_Your goal_: When you repeat the material, keep each line exact and omit the pictures.

Segment Start: Dataset extract

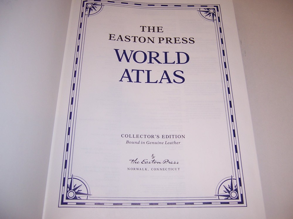 Books from Easton Press Bound in premium leathers, distinctive cover design, hubbed spine accented in 22-karat gold Endsheets of rich moire fabric, permanent satin ribbon page marker Thread sewn pages for strength and durability, gilded page edges for beauty and protection Handsome readable typefaces, beautiful illustrations, archival-quality acid-neutral paper TITLE THE WORLD ATLAS AUTHOR with Rand McNally & Company MORE DETAILS illustrated in full color measured by 11 1/4" x 15", 320 + 199pp DESCRIPTION Like new condition, unread, clean inside, tight hardcover binding SHIPPING Books will be packed safely, and shipped via USPS Media Mail with tracking number.
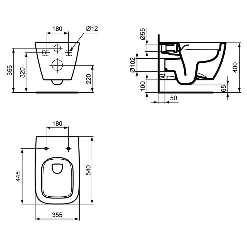 Унитаз подвесной Ideal Standard I Life B безободковый, с быстросъемным сиденьем "Микролифт" (T461401)
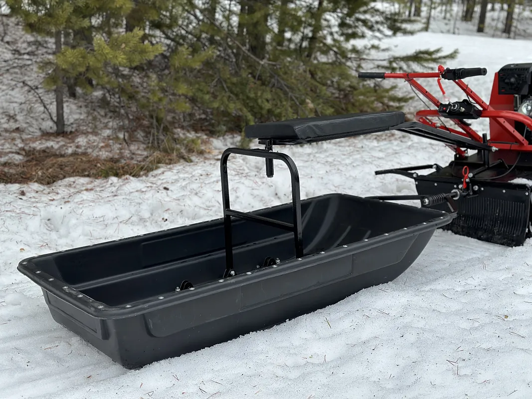 В комплекте с санями и встроенным сиденьем, собирается за 1 минуту, без дополнительных болтов!
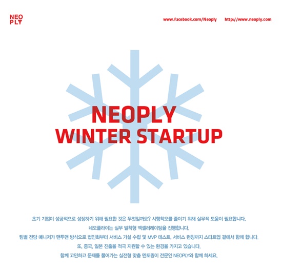 이미 지난 3월 스타트업을 한 차례 모집한 바 있는 네오플라이는 이번 겨울 모집을 통해서도 가능성과 성장 잠재력을 보유한 역량 있는 스타트업을 발굴, 육성해 나갈 방침이다.

Segment End: Dataset extract

_Reply_:
 Books from Easton Press Bound in premium leathers, distinctive cover design, hubbed spine accented in 22-karat gold Endsheets of rich moire fabric, permanent satin ribbon page marker Thread sewn pages for strength and durability, gilded page edges for beauty and protection Handsome readable typefaces, beautiful illustrations, archival-quality acid-neutral paper TITLE THE WORLD ATLAS AUTHOR with Rand McNally & Company MORE DETAILS illustrated in full color measured by 11 1/4" x 15", 320 + 199pp DESCRIPTION Like new condition, unread, clean inside, tight hardcover binding SHIPPING Books will be packed safely, and shipped via USPS Media Mail with tracking number.
 Унитаз подвесной Ideal Standard I Life B безободковый, с быстросъемным сиденьем "Микролифт" (T461401)
 В комплекте с санями и встроенным сиденьем, собирается за 1 минуту, без дополнительных болтов!
 이미 지난 3월 스타트업을 한 차례 모집한 바 있는 네오플라이는 이번 겨울 모집을 통해서도 가능성과 성장 잠재력을 보유한 역량 있는 스타트업을 발굴, 육성해 나갈 방침이다.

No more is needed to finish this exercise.